── Listed entries

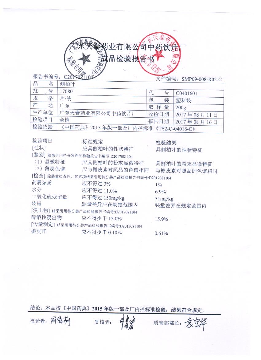 [侧柏叶]侧柏叶(片/统)
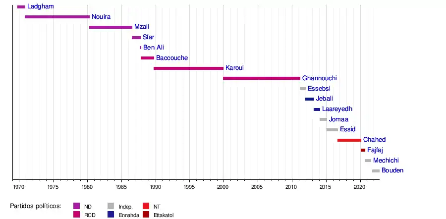 13 | ![]() | Mehdi Jomaa | 29 de enero de 2014 | 6 de febrero de 2015 | Sin partido (Coalición con Ennahda) | |||
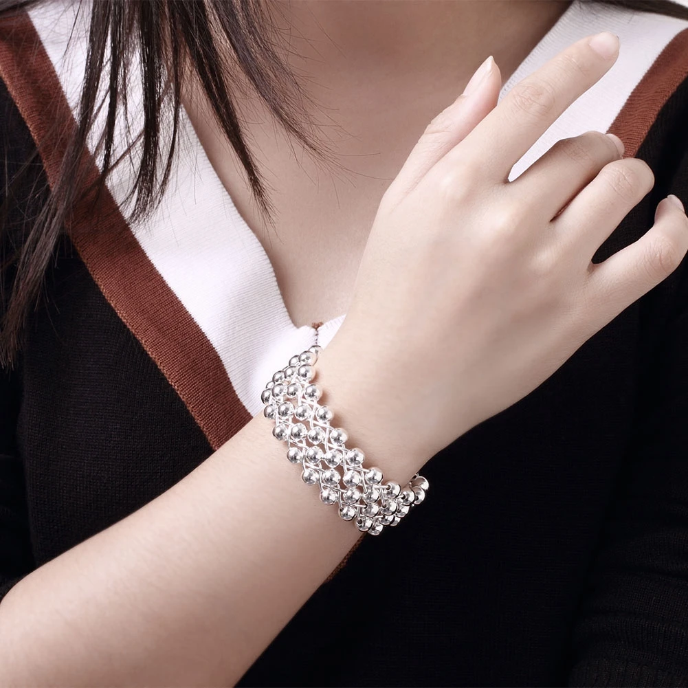 925 стерлингового серебра Полный Гладкие бусины браслет для женщин ...
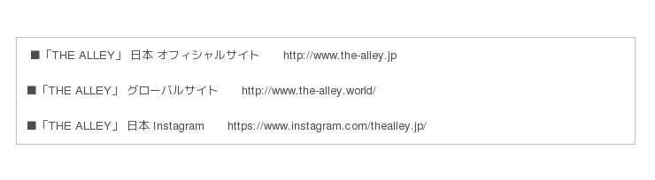 「THE ALLEY」は、2017年7月にサナギ新宿にて日本初上陸。
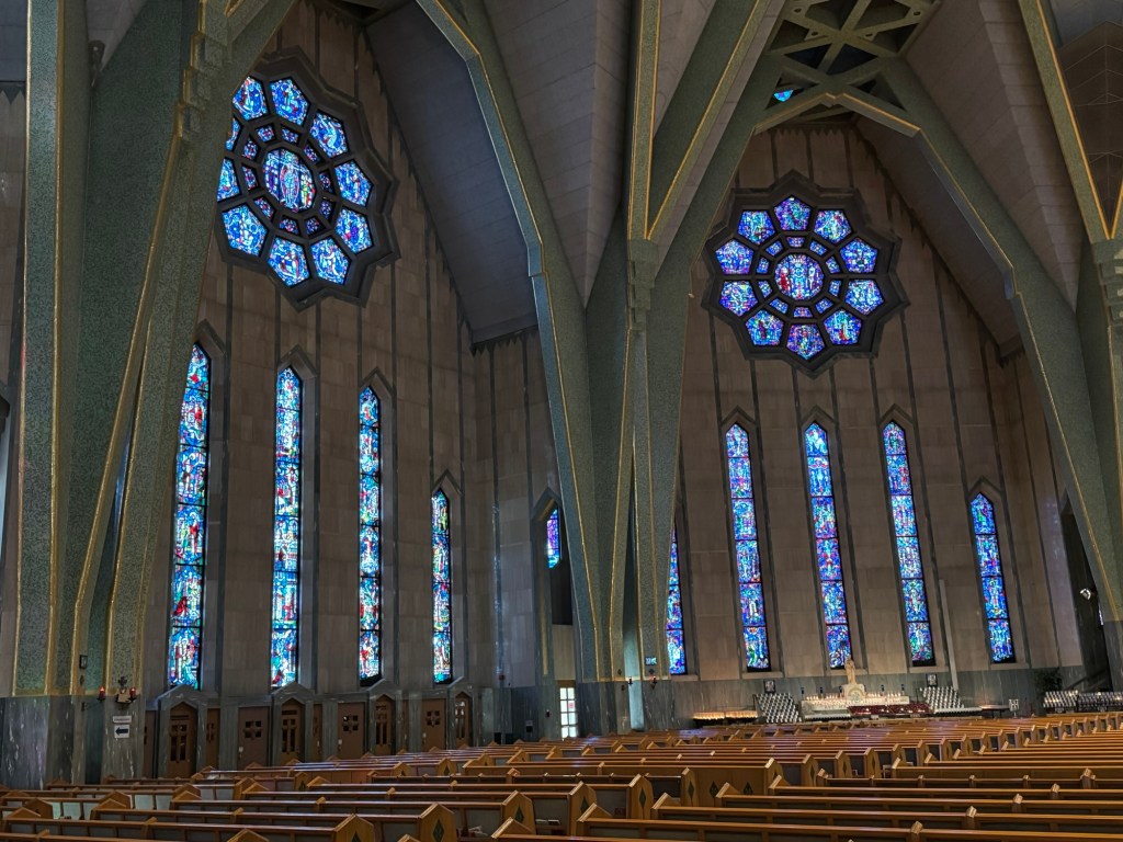 When this church became too small, they built a new church. Because of two miracles at the original church while they were building the new church, thus, it has become a pilgrim location in the province. It has very beautiful stained glass windows. We were not provided with more information and only had 10 minutes to walk around, The stained glass is memorable for the amount of windows and the colors made more vibrant with the sun.
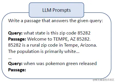 除此之外还有一种另类Query的改写方案,就是Query2doc中提到的把Query改写成document。论文使用4-shot prompt让LLM先基于query生成一个pseudo-document,然后使用生成的答案来进行相关内容的召回。这种改写方案确实有一些显著的优点
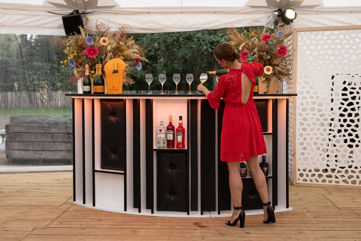 Wie zijn event nog sterker wil personaliseren, kan kiezen voor een gepersonaliseerde cocktailbar. Van champagne chique tot cocktail crazy: wij schenken op maat van je concept. Indien gewenst voorzien wij de bar van jouw logo op een LED-achterwand, perfect voor branding en visuele impact.
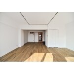 空間を広げるには、間仕切壁を取り払うだけでは足りず、天井も取り払い、高さ方向にも広がりをもたせました。 全体を白の塗装とし、色味としても清潔感と広がりを持てるように演出。床はフローリングの突き板を採用し、無垢の手触りと表情を楽しめるように致しました。
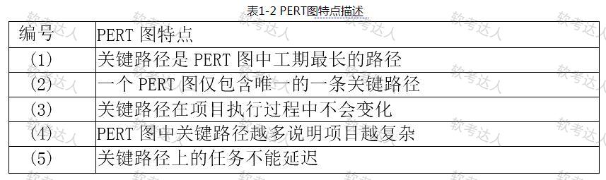 PERT图采用网络图来描述一个项目的任务网络,不仅可以表达子任务的计划安排,还可以在任务计划执行过程中估计任务完成的情况。针对表1-2中关于PERT图中关键路径的描述(1)~(5),判断対PERT图的特点描述是否正确,并说明原因。
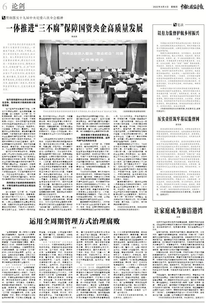 始終堅(jiān)持嚴(yán)的主基調(diào)不動搖,以零容忍態(tài)度懲治腐敗,堅(jiān)決遏制增量、削減存量。在一體推進(jìn)“三不腐”中,不敢腐是前提、是打頭的,沒有反腐敗高壓態(tài)勢作為強(qiáng)大后盾,不能腐、不想腐就是一紙空談。中央紀(jì)委國家監(jiān)委駐國資委紀(jì)檢監(jiān)察組堅(jiān)持懲治這一手決不放松,挖出蛀蟲、及時(shí)止血、挽回?fù)p失,糾正偏差、修復(fù)生態(tài)、贏得民心,撥正國資央企發(fā)展的航向,清除高質(zhì)量發(fā)展的障礙,為做強(qiáng)做優(yōu)做大國有資本和中央企業(yè)營造風(fēng)清氣正的環(huán)境。積極應(yīng)對國資央企反腐敗斗爭新形勢新挑戰(zhàn),對腐敗問題易發(fā)多發(fā)的工程建設(shè)、醫(yī)藥、能源等重點(diǎn)行業(yè)和領(lǐng)域,有針對性地重拳出擊、精準(zhǔn)打擊,斬?cái)嗬娼粨Q鏈條,為企業(yè)健康發(fā)展?fàn)I造了良好環(huán)境。面對依然嚴(yán)峻復(fù)雜的形勢,要增強(qiáng)全面從嚴(yán)治黨永遠(yuǎn)在路上的政治自覺,堅(jiān)持嚴(yán)的主基調(diào)不動搖,始終保持懲治腐敗的高壓態(tài)勢和有力威懾。聚焦國資央企改革發(fā)展的重點(diǎn)領(lǐng)域和關(guān)鍵環(huán)節(jié),嚴(yán)肅查處靠企吃企、利益輸送、設(shè)租尋租、關(guān)聯(lián)交易等違紀(jì)違法行為,堅(jiān)決清理風(fēng)險(xiǎn)隱患大的行業(yè)性、系統(tǒng)性腐敗,及時(shí)堵住出血點(diǎn),切實(shí)維護(hù)國有資產(chǎn)安全;對已經(jīng)出現(xiàn)風(fēng)險(xiǎn)苗頭、違反規(guī)律“不正?!钡默F(xiàn)象進(jìn)行重點(diǎn)查處,有效防范化解腐敗風(fēng)險(xiǎn)及關(guān)聯(lián)性經(jīng)濟(jì)社會風(fēng)險(xiǎn)。持續(xù)強(qiáng)化不能腐的剛性制度約束,不斷完善防治腐敗滋生蔓延的體制機(jī)制在一體推進(jìn)“三不腐”中,不能腐是關(guān)鍵,側(cè)重于扎緊籠子、堵塞漏洞。查辦案件不是為了辦幾個(gè)人,關(guān)鍵是揭示問題、促進(jìn)整改、查漏補(bǔ)缺、建章立制,從源頭上保障國資央企事業(yè)更好地發(fā)展。駐國資委紀(jì)檢監(jiān)察組在保持懲治高壓態(tài)勢的同時(shí),不斷深化以案促改,圍繞經(jīng)商辦企業(yè)、加強(qiáng)對一把手的監(jiān)督、機(jī)關(guān)干部與央企人員往來、外部董事監(jiān)督管理等方面存在的問題,通過定期會商、制發(fā)紀(jì)檢監(jiān)察建議書等方式,推動有關(guān)單位、企業(yè)認(rèn)真整改,補(bǔ)齊制度短板、完善監(jiān)管機(jī)制,緊緊圍繞整治“靠企吃企”頑瘴痼疾,與國資委黨委同時(shí)同向發(fā)力,打出一系列組合拳,進(jìn)一步完善國資央企權(quán)力運(yùn)行的監(jiān)督制約機(jī)制。《紀(jì)檢監(jiān)察機(jī)關(guān)派駐機(jī)構(gòu)工作規(guī)則》規(guī)定,派駐機(jī)構(gòu)要發(fā)揮支持和督促的作用,推動駐在單位深化改革、健全制度、完善治理、防控風(fēng)險(xiǎn),深刻闡明了反腐敗與防風(fēng)險(xiǎn)、促發(fā)展相輔相成、辯證統(tǒng)一的邏輯關(guān)系。對派駐機(jī)構(gòu)來講,履行監(jiān)督職責(zé)不是孤立的,既要強(qiáng)調(diào)監(jiān)督和督促,也要抓好推動和支持,讓主體責(zé)任和監(jiān)督責(zé)任貫通協(xié)同、形成合力。從實(shí)踐看,腐敗案件中暴露出的問題,往往就是國資央企改革發(fā)展的重大風(fēng)險(xiǎn)點(diǎn)和日常管理中的漏洞,奔著這些問題去,才能做到對癥下藥,實(shí)現(xiàn)正風(fēng)肅紀(jì)反腐與深化改革、完善制度、促進(jìn)治理的有機(jī)結(jié)合。比如,混合所有制改革是國企改革三年行動的一項(xiàng)重點(diǎn),也是難點(diǎn)。駐國資委紀(jì)檢監(jiān)察組將繼續(xù)緊盯不放,把防風(fēng)險(xiǎn)擺在突出位置,推動國資央企在投資決策、股權(quán)管理、評估退出等方面有針對性地完善制度、強(qiáng)化監(jiān)管,深挖細(xì)查背后隱藏的腐敗問題,確?;旌纤兄聘母锶〉脤?shí)實(shí)在在成效。習(xí)近平總書記強(qiáng)調(diào),要從源頭著手,完善管權(quán)治吏的體制機(jī)制,更加常態(tài)化、長效化地防范和治理腐敗問題。要繼續(xù)扎實(shí)做好政治監(jiān)督和查辦案件的“后半篇文章”,堅(jiān)持深化以案促改、以案促治,把反腐敗和防風(fēng)險(xiǎn)結(jié)合起來,結(jié)合發(fā)現(xiàn)的突出問題和重大風(fēng)險(xiǎn),深入查找國資央企的“出血點(diǎn)”,堅(jiān)決糾正偏離主責(zé)主業(yè)、造成嚴(yán)重經(jīng)營風(fēng)險(xiǎn)的重大問題,推動深化腐敗問題多發(fā)領(lǐng)域和環(huán)節(jié)的改革,最大限度減少體制機(jī)制障礙和制度漏洞,著力從源頭上防治腐敗問題,有力保障國資央企健康可持續(xù)發(fā)展。持續(xù)增強(qiáng)不想腐的思想自覺,以高質(zhì)量黨建厚植思想根基、涵養(yǎng)風(fēng)清氣正的政治生態(tài)在一體推進(jìn)“三不腐”中,不想腐是根本,解決的是世界觀、人生觀、價(jià)值觀這個(gè)“總開關(guān)”問題。駐國資委紀(jì)檢監(jiān)察組會同國資委黨委在強(qiáng)化不敢、推進(jìn)不能的同時(shí),牢牢抓住不想這個(gè)根本,引導(dǎo)廣大黨員干部堅(jiān)定理想信念,提高黨性覺悟,增強(qiáng)拒腐防變能力;通過召開警示教育大會、編印懺悔錄等方式,以身邊事教育身邊人;經(jīng)常性
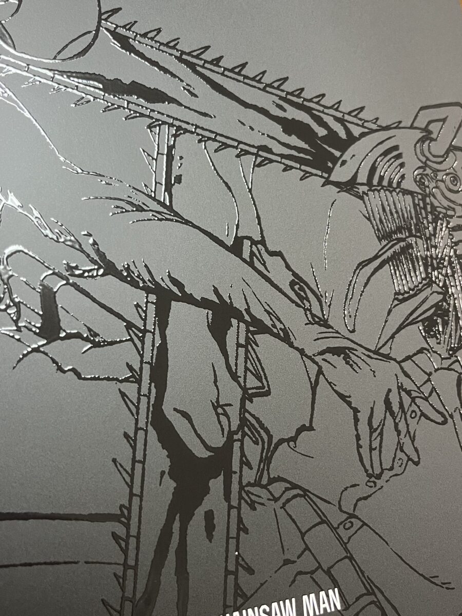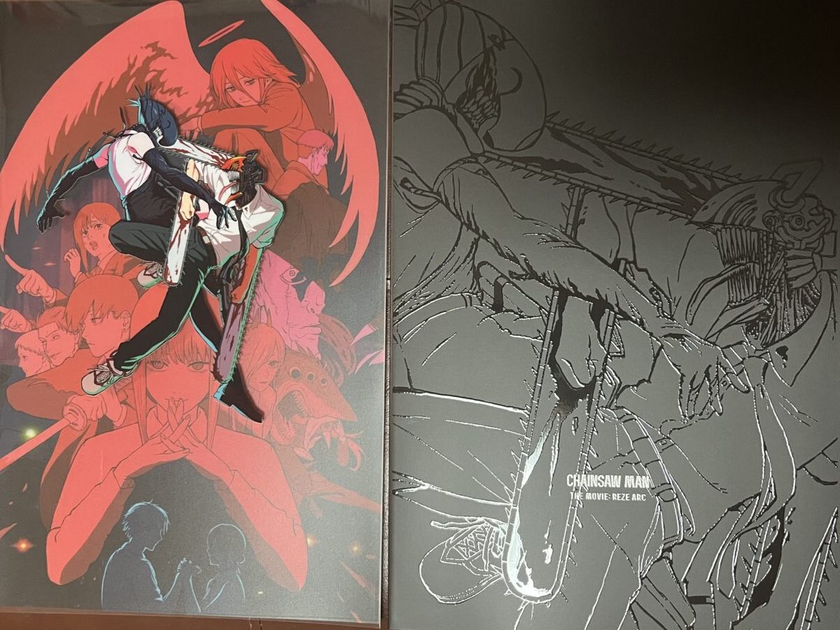 パンフレットは、黒のマット紙にニス引きのボムとチェンソーマンのイラストが。それにクリアカバーがついていて、そこにもアニメのセル画みたいにイラストが載っています。そして、本を抜くと背景のカラーイラストと合体してポスターのイラストのようになります!装丁も工夫されていてかっこいいですね。
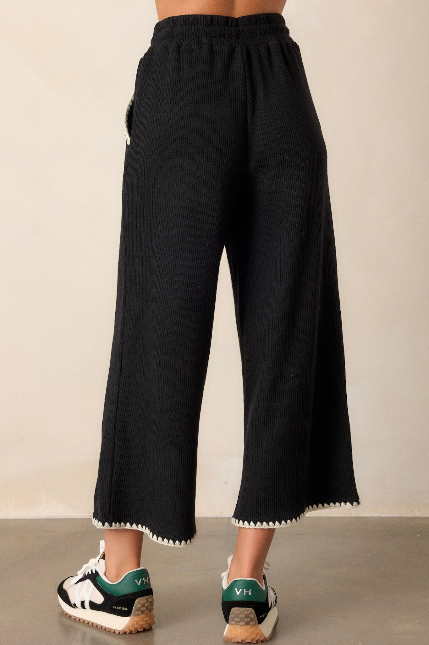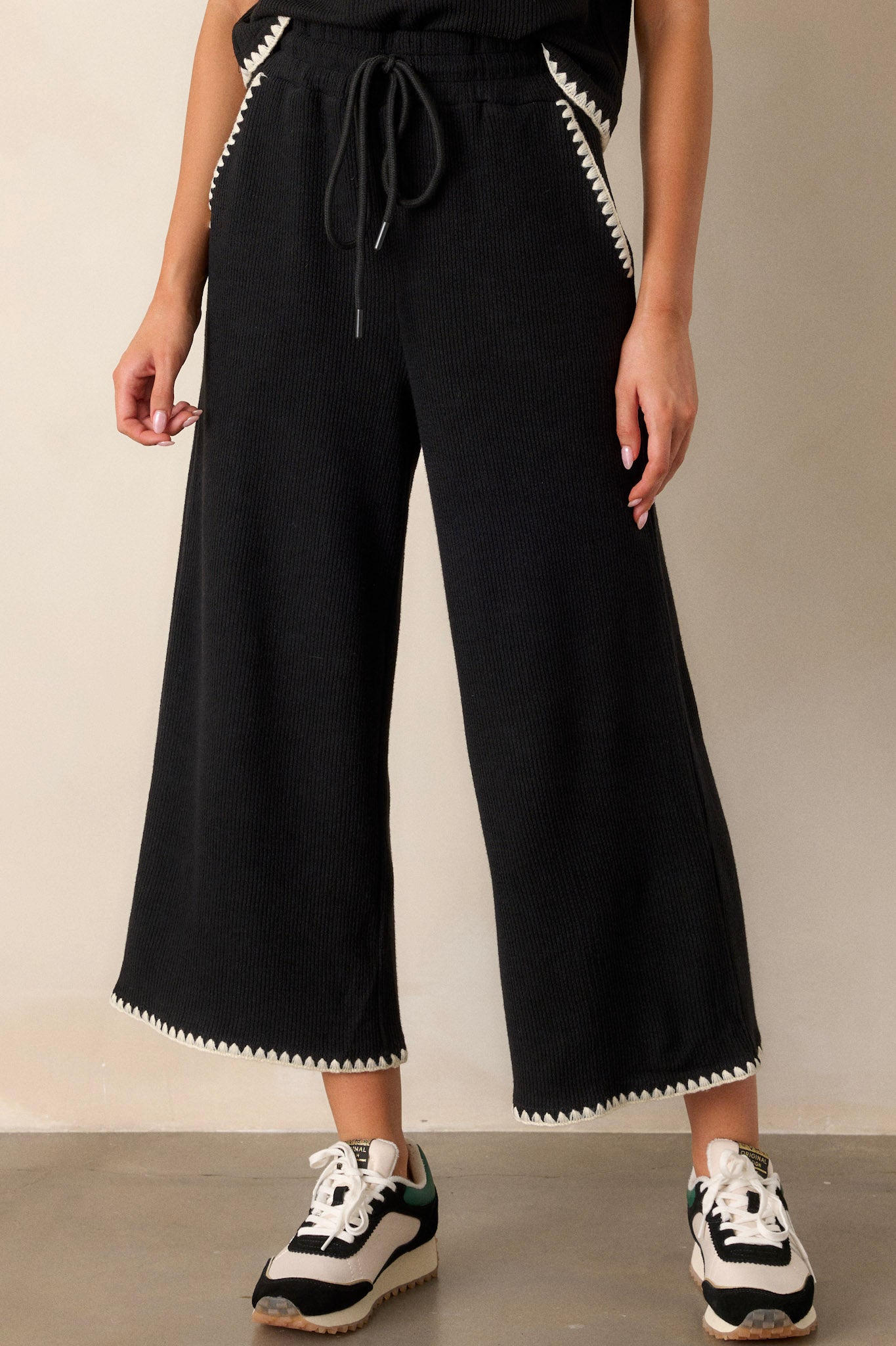 Elevate your casual style with our Anytime Now Black Blanket Stitch Wide Leg Pants. These pants feature a stylish and comfortable wide leg design, perfect for any occasion. The blanket stitching adds a unique touch to your look, while the stretchy material ensures all-day comfort. Upgrade your wardrobe now! These black pants feature an elastic waistband, an adjustable drawstring, ivory blanket stitch detailing, functional hip pockets, a soft knit material, and a wide leg.
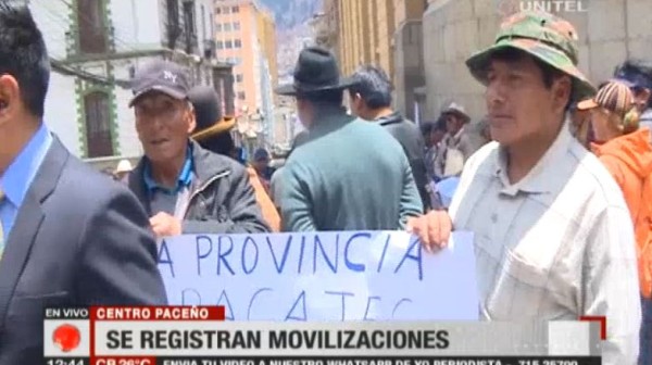 Pobladores de varios comunidades de la provincia Pacajes llegaron hasta la calle Colón y Comercio donde exigen al gobernador Felix Patzi la construcción de una vía asfaltada hasta sus comunidades, afirman que esto es una promesa de hace varios años lo cual el gobernador paceño habría incumplido, no descartan tomar otras medidas.

────

## [Problem details]
Begin at the first line of the records and please reproduce every line exactly through the one containing "PERT图采用网络图来描述一", leaving all pictures out.

## [Exercise response]
 [侧柏叶]侧柏叶(片/统)
 13 | ![]() | Mehdi Jomaa | 29 de enero de 2014 | 6 de febrero de 2015 | Sin partido (Coalición con Ennahda) | |||
 925 стерлингового серебра Полный Гладкие бусины браслет для женщин ...
 「THE ALLEY」は、2017年7月にサナギ新宿にて日本初上陸。
 When this church became too small, they built a new church. Because of two miracles at the original church while they were building the new church, thus, it has become a pilgrim location in the province. It has very beautiful stained glass windows. We were not provided with more information and only had 10 minutes to walk around, The stained glass is memorable for the amount of windows and the colors made more vibrant with the sun.
 除此之外还有一种另类Query的改写方案,就是Query2doc中提到的把Query改写成document。论文使用4-shot prompt让LLM先基于query生成一个pseudo-document,然后使用生成的答案来进行相关内容的召回。这种改写方案确实有一些显著的优点
 Wie zijn event nog sterker wil personaliseren, kan kiezen voor een gepersonaliseerde cocktailbar. Van champagne chique tot cocktail crazy: wij schenken op maat van je concept. Indien gewenst voorzien wij de bar van jouw logo op een LED-achterwand, perfect voor branding en visuele impact.
 空間を広げるには、間仕切壁を取り払うだけでは足りず、天井も取り払い、高さ方向にも広がりをもたせました。 全体を白の塗装とし、色味としても清潔感と広がりを持てるように演出。床はフローリングの突き板を採用し、無垢の手触りと表情を楽しめるように致しました。
 PERT图采用网络图来描述一个项目的任务网络,不仅可以表达子任务的计划安排,还可以在任务计划执行过程中估计任务完成的情况。针对表1-2中关于PERT图中关键路径的描述(1)~(5),判断対PERT图的特点描述是否正确,并说明原因。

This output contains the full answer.